Research Output
Measurement of Cycling Risk and Quantitative Policy
  The SiN (Safety-in-numbers) effect has become prevalent within cycling research in recent years and describes the phenomenon whereby cycling accident risk may fall when the volume of cyclists increases. Such an effect is clearly attractive to policy makers and campaigners and efforts to increase cycling volumes often now actively assume that a risk reduction and hence potential accident cost saving per cyclist will follow. However, according to UK and Scottish research, the SiN effect can coexist with a decline in cycle safety (Aldred et al., 2017) and evidence for beneficial SiN effect may be highly location dependent. Additionally, cycling risks are significantly higher, per kilometre travelled, than both motorised and pedestrian travel. Therefore, risk factors need to be properly understood in order to mitigate them and the presence or absence of SiN effect should be assessed at a relatively small area level. Specifically a national SiN factor should not be globally applied, and factors derived from other countries should be treated with caution.

To understand and measure SiN cycling flow data at both local and link level is required and this may not be readily available. Strategic cycling models such as Cynemon (TfL, 2017), which is similar to those that have long been used to analyse highways transport issues, are currently not feasible for most authorities due to cost. Cyclist flow is strongly correlated with the number of cyclists’ crashes such that more cyclists result in more cyclist crashes (although risk may reduce if SiN effect is present). Cycling flow data enables researchers to unpack risk causation and to unravel cyclist related incidents disaggregate between explanatory factors and exposure.

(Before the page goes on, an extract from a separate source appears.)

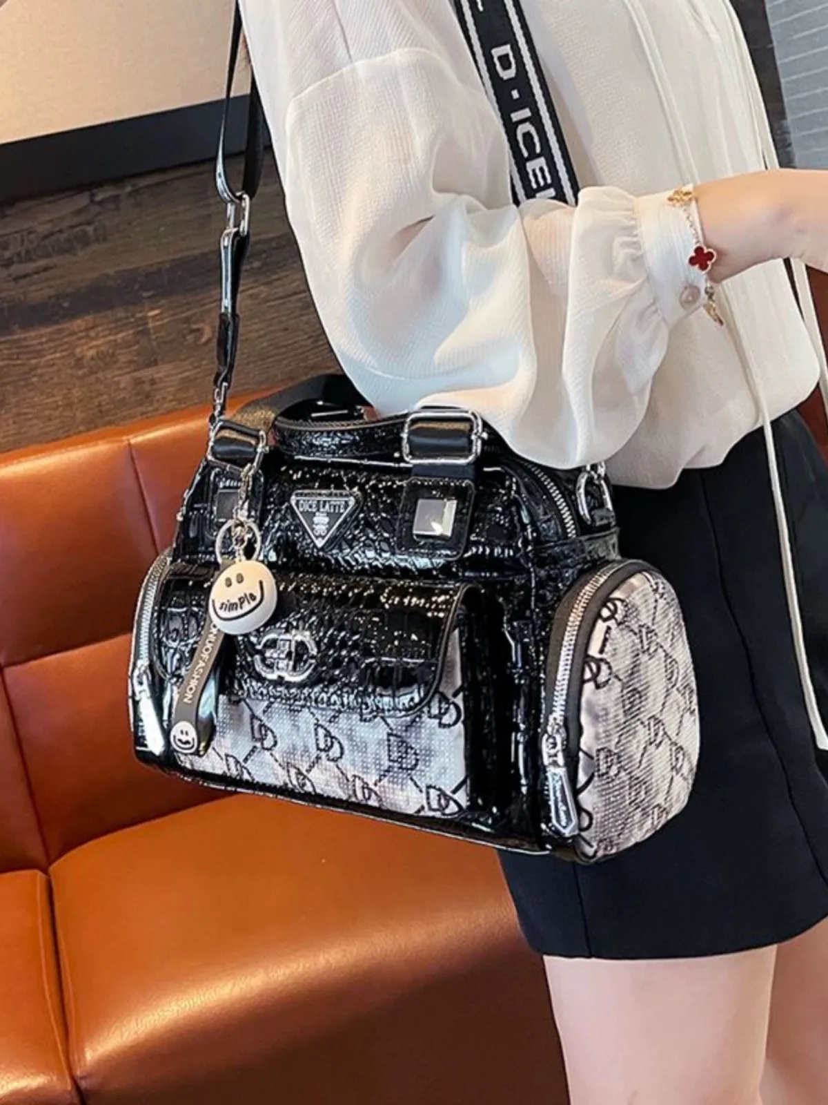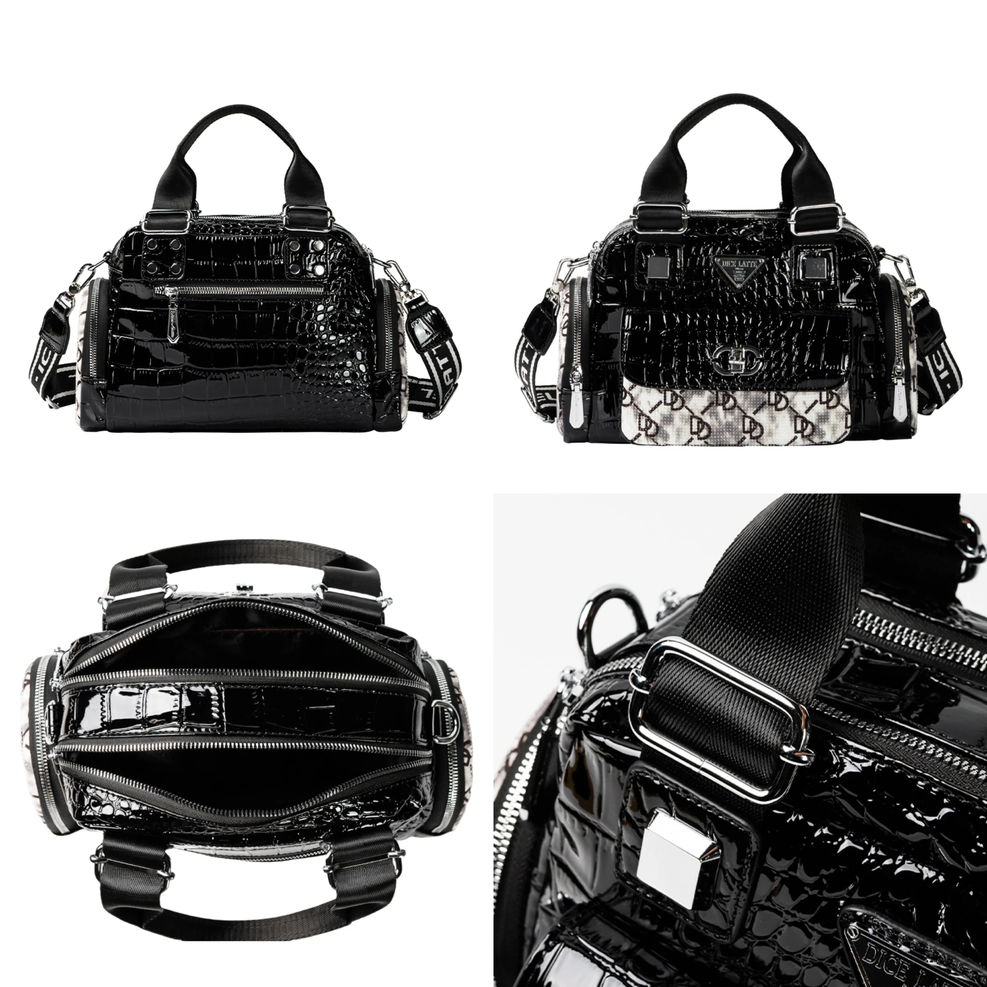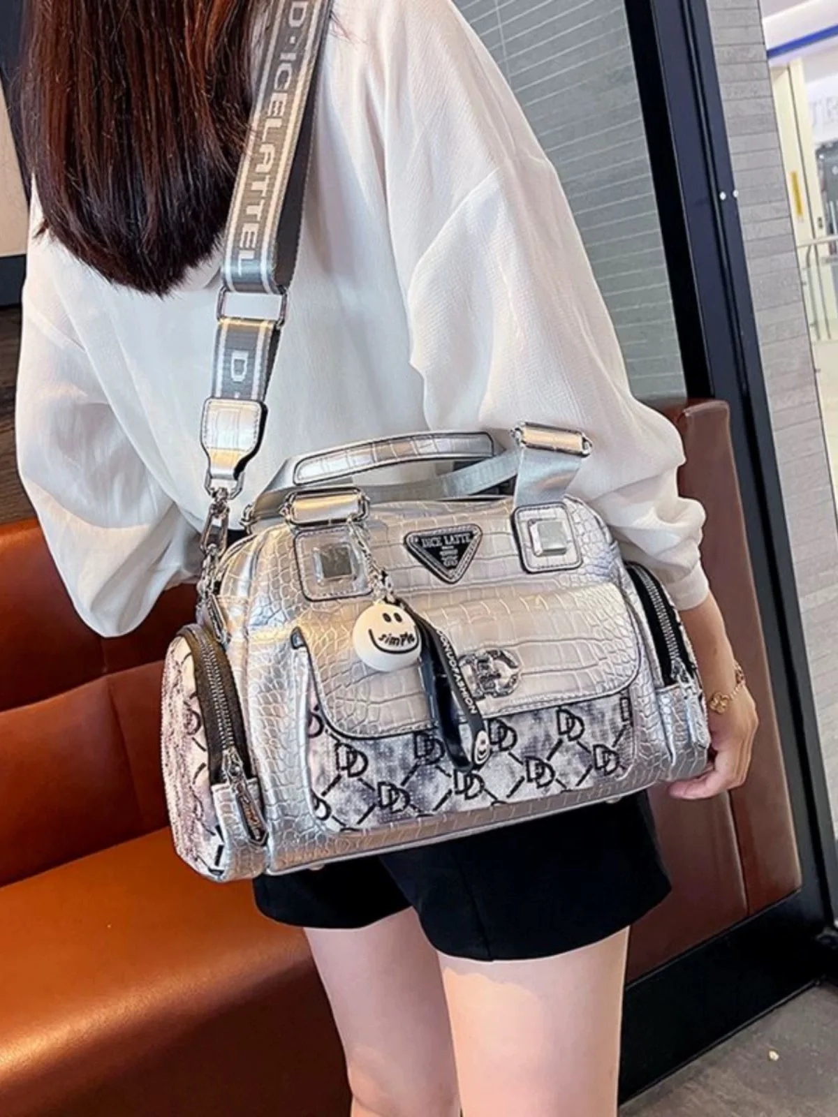 Beg Tangan Boston Glamour Besar - Beg Crocodile Crossbody yang Luas Dengan Penutupan Zip, Berbilang poket dan Pemegang Selesa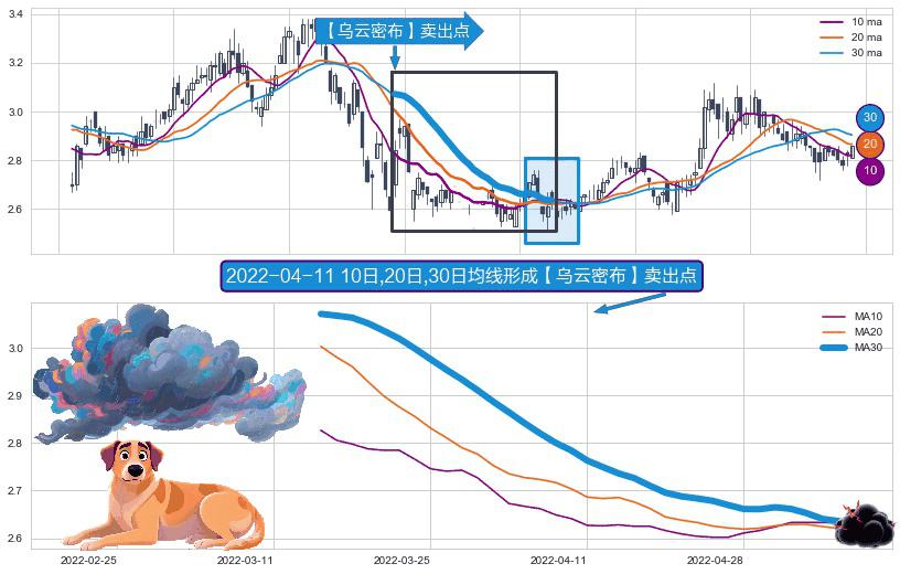 ⚀ 2022-03-16日-2022-05-11日显现 10日-20日-30日均线 【乌云密布】卖出点 看空信号,后市看跌,卖出

This paper presents a methodology to estimate cyclist flow patterns by utilising recently developed open source analysis tools (Lovelace et al, 2017) and cycling routing engine applications (www.Cyclestreet.net) which were developed specifically for cyclists. This is illustrated using a case study of Edinburgh City. A combination of traditional (Census and Automatic Traffic Counts) and novel (OpenStreetMap) data was used to produce flow estimates at both link and meso-spatial area levels. The range of novel cycling flow data sources available are discussed, while the case study to be presented utilises census data due to its reliability and lack of third party dependence. The variation of SiN effect at a meso-level within Edinburgh City will then be presented and comparisons made to the global Scotland SiN effect and to comparator regions from the EU.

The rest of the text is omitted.